Transplant Cell Ther. 2025 Jul;31(7):463.e1-463.e12. doi: 10.1016/j.jtct.2025.04.016. Epub 2025 Apr 28.
Human herpesvirus-6 (HHV-6) encephalitis is a rare but fatal complication following allogeneic hematopoietic stem cell transplantation (allo-HSCT). Despite advancements in transplantation outcomes and supportive care, knowledge regarding the clinical features and prognostic factors of HHV-6 encephalitis remains limited. This study aims to clarify the clinical characteristics of HHV-6 encephalitis in allo-HSCT recipients and to identify prognostic factors. This is a single-center retrospective study that analyzed the patients with HHV-6 encephalitis who underwent allo-HSCT at our institute between 2004 and 2023. The diagnosis of HHV-6 encephalitis was confirmed by the presence of neurological symptoms and the detection of HHV-6 DNA in the cerebrospinal fluid using real-time polymerase chain reaction. Fifty-three patients were included in this study. The median time from allo-HSCT to HHV-6 encephalitis onset was 24 days (range: 3 to 189). Of the 53 patients, 38 (71.7%) received systemic steroids, with a median interval of 11 days (range: 2 to 46) from steroid initiation to encephalitis onset. One-year overall survival and non-relapse mortality (NRM) after encephalitis diagnosis were 33.5% and 46.5%, respectively. While HHV-6 encephalitis directly caused one death, infections unrelated to HHV-6 were the leading cause of mortality (47.5%). The interval from the onset to the initiation of antiviral therapy was significantly shorter in recent cases (0.0 after 2018 versus 1.5 days before 2017: P = .0086), and 1-year NRM was significantly lower (26.8 versus 62.1%; P = .024). Multivariate analysis revealed that allo-HSCT before 2017 (hazard ratio [HR] 3.13, P = .012) and haploidentical transplantation (HR 3.07, P = .001) were independent prognostic factors for NRM. Among the 32 patients who survived for over 100 days after the initiation of HHV-6 encephalitis treatment, neurological sequelae persisted in 16 (50.0%) cases, including short-term memory impairment in 11. Overall, our study indicates that recent improvements in HHV-6 encephalitis outcomes after allo-HSCT likely result from earlier initiation of antiviral treatment.

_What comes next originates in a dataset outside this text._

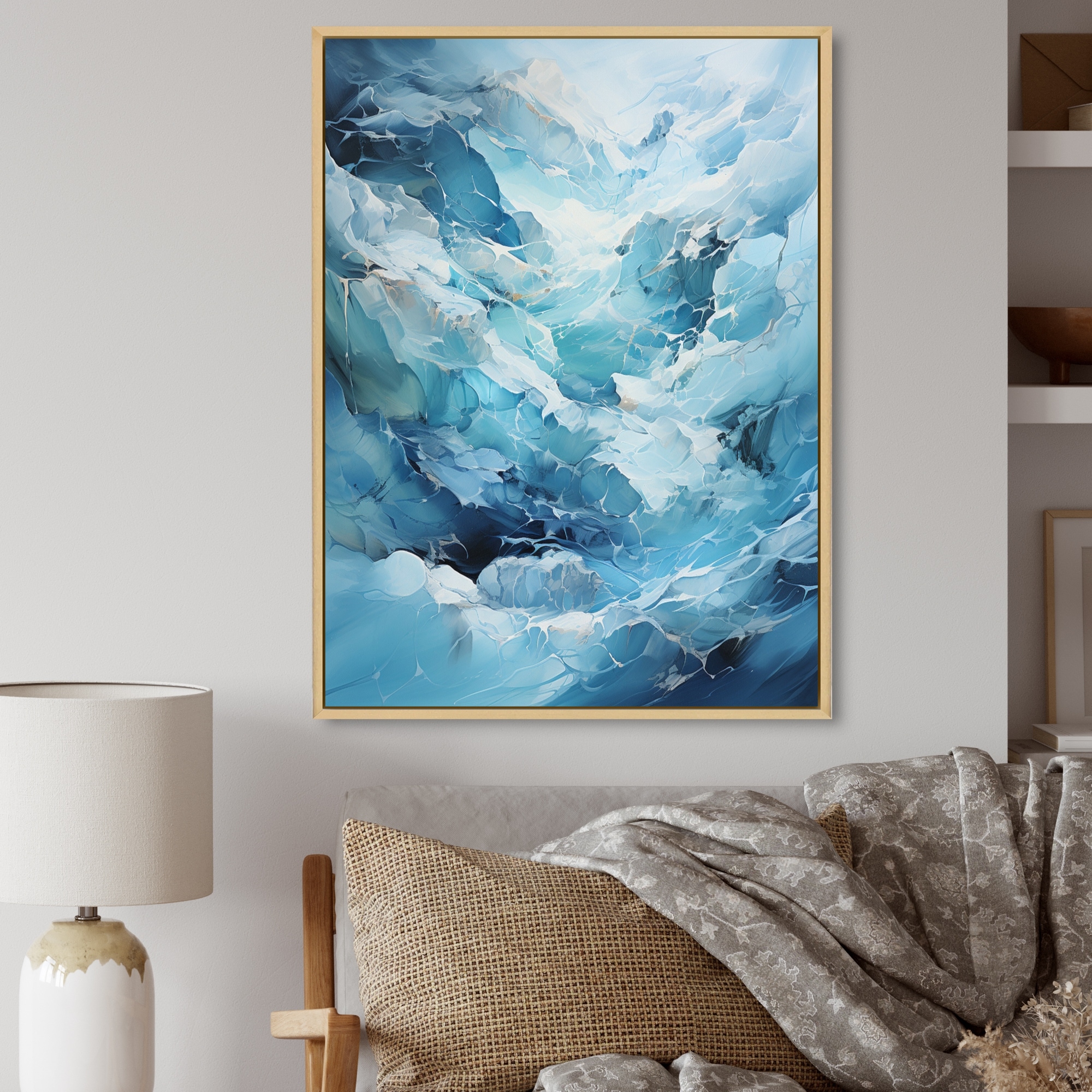 Designart "Teal Glacier Frozen Dreams" Glacier Framed Wall Decor
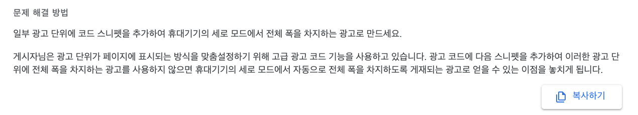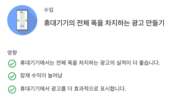 수동 광고다 보니 모바일에서는 상대적으로 많이 작아보이기 마련이었고(비율에 따라 줄어들다보니), 그래서 구글에서는 휴대폰이나 태블릿과 같은 모바일 기기에서 전체 폭을 차지하는 광고로 이를 수정하라는 추천을 해주었습니다. 실적이 더 늘어난다고 말이죠.

人疱疹病毒6型(HHV-6)脑炎是异基因造血干细胞移植(allo-HSCT)后一种罕见但致命的并发症。尽管移植结局和支持治疗取得了进展,但关于HHV-6脑炎的临床特征和预后因素的知识仍然有限。本研究旨在阐明allo-HSCT受者中HHV-6脑炎的临床特征,并确定预后因素。这是一项单中心回顾性研究,分析了2004年至2023年在我院接受allo-HSCT的HHV-6脑炎患者。HHV-6脑炎的诊断通过神经系统症状的存在以及使用实时聚合酶链反应在脑脊液中检测到HHV-6 DNA来确认。本研究纳入了53例患者。从allo-HSCT到HHV-6脑炎发病的中位时间为24天(范围:3至189天)。在这53例患者中,38例(71.7%)接受了全身类固醇治疗,从开始使用类固醇到脑炎发病的中位间隔时间为11天(范围:2至46天)。脑炎诊断后的1年总生存率和无复发死亡率(NRM)分别为33.5%和46.5%。虽然HHV-6脑炎直接导致1例死亡,但与HHV-6无关的感染是主要死亡原因(47.5%)。近期病例从发病到开始抗病毒治疗的间隔时间明显更短(2018年后为0.0天,而2017年前为1.5天:P = 0.0086),1年NRM明显更低(26.8%对62.1%;P = 0.024)。多因素分析显示,2017年前进行的allo-HSCT(风险比[HR] 3.13,P = 0.012)和单倍体相合移植(HR 3.07,P = 0.001)是NRM的独立预后因素。在HHV-6脑炎治疗开始后存活超过100天的32例患者中,16例(50.0%)存在神经后遗症,其中11例存在短期记忆障碍。总体而言,我们的研究表明,allo-HSCT后HHV-6脑炎结局的近期改善可能源于抗病毒治疗的更早开始。